RP-HPLC is the most widely employed chromatographic technique for the analysis of pharmaceutical compounds. It utilises a non-polar stationary phase and a relatively polar mobile phase, enabling efficient separation of compounds on the basis of hydrophobic interactions2,4. The technique is extensively applied in the pharmaceutical industry for assay determination, impurity profiling, dissolution testing, stability studies, and bioanalytical investigations.

Finerenone is a non-steroidal mineralocorticoid receptor antagonist approved for reducing the risk of sustained decline in estimated glomerular filtration rate (eGFR), end-stage kidney disease, cardiovascular mortality, and hospitalisation for heart failure in adults with CKD and T2DM. Unlike conventional steroidal MRAs such as spironolactone and eplerenone, finerenone possesses a bulky dihydronaphthyridine core that binds with higher selectivity to the mineralocorticoid receptor, thereby reducing the incidence of adverse effects such as hyperkalaemia and gynaecomastia. Given its increasing clinical use, the development of validated analytical methods for assay determination, dissolution monitoring, and impurity profiling is essential. This review provides a critical appraisal of the chromatographic strategies reported for the quantification of finerenone.

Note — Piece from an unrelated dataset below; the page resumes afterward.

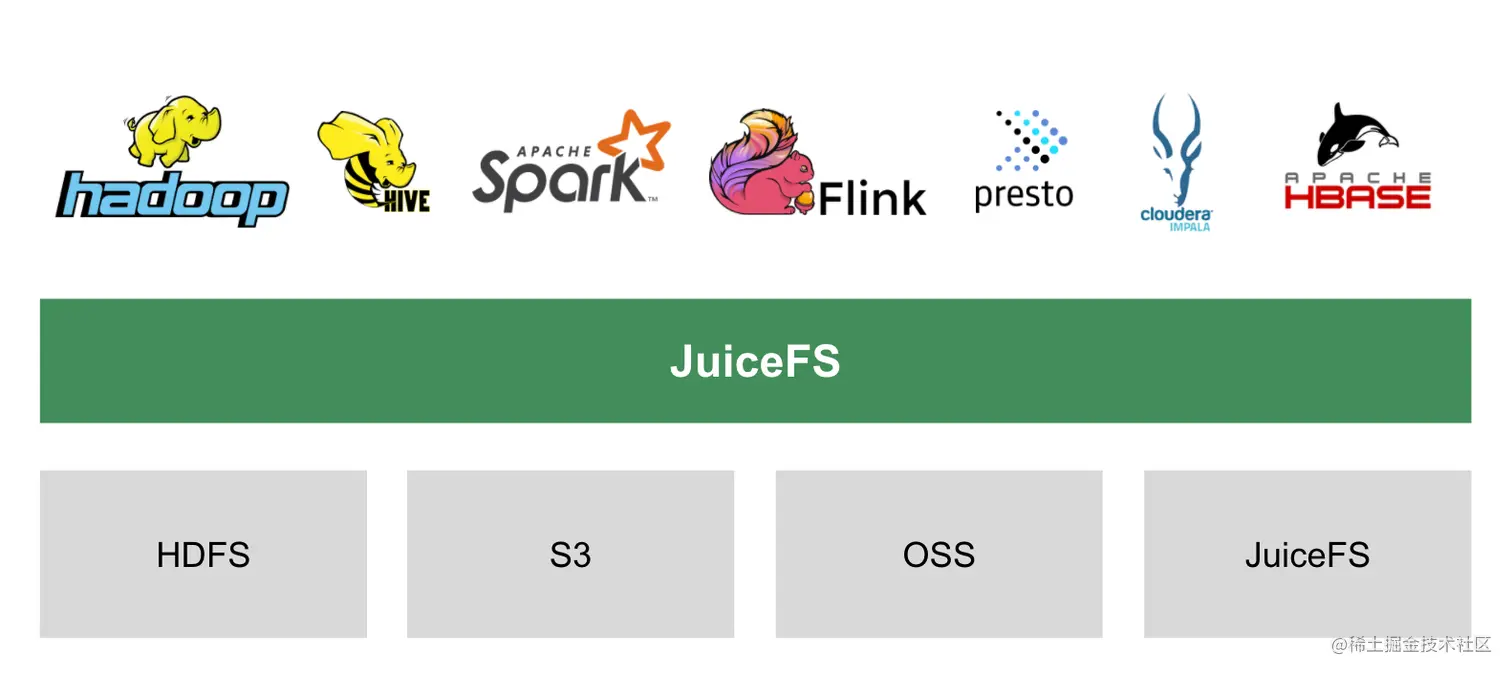 符号链接是操作系统中广泛应用的概念,你可以通过符号链接实现在一个目录树中管理分散在各个地方的数据。对应的,我们也可以通过 JuiceFS 的符号链接特性实现在一个文件系统中管理多个存储系统。其实符号链接这个功能早在 2013 年 Hadoop 社区就已经想要在 HDFS 上实现(HADOOP-10019),但遗憾的是目前为止还没完整支持。借助符号链接即可在 JuiceFS 上管理包括但不限于 HDFS、对象存储在内的各种存储系统,表面上看起来访问的是 JuiceFS,但实际访问的是底层真实的存储。

2. DRUG PROFILE OF FINERENONE

Finerenone is a synthetic, non-steroidal dihydronaphthyridine derivative. Its principal physicochemical characteristics, consistent with compendial descriptions8,9, are summarised below:

  • Chemical name: (4S)-4-(4-cyano-2-methoxyphenyl)-5-ethoxy-2,8-dimethyl-1,4-dihydro-1,6-naphthyridine-3-carboxamide
  • Molecular formula: C21H22N4O3
  • Molecular weight: 378.43 g/mol
  • Mechanism of action: highly selective antagonist of the mineralocorticoid receptor, counteracting inflammation and fibrosis driven by pathogenic aldosterone overactivation
  • Chromatographic character: an aromatic core with distinct chromophores, yielding a UV absorbance profile typically monitored between 219 nm and 252 nm; its hydrophobic structure imparts adequate retention on alkyl-bonded silica phases (C18 or C8)5,6,7

3. PRINCIPLE OF RP-HPLC

RP-HPLC operates on the principle of differential partitioning of analytes between a non-polar stationary phase and a polar mobile phase. The stationary phase typically consists of spherical silica particles surface-functionalised with hydrophobic hydrocarbon chains, most commonly octadecylsilane (C18). The mobile phase comprises a binary or ternary mixture of polar solvents (e.g., water, aqueous buffers) and organic modifiers (e.g., acetonitrile, methanol)2,4.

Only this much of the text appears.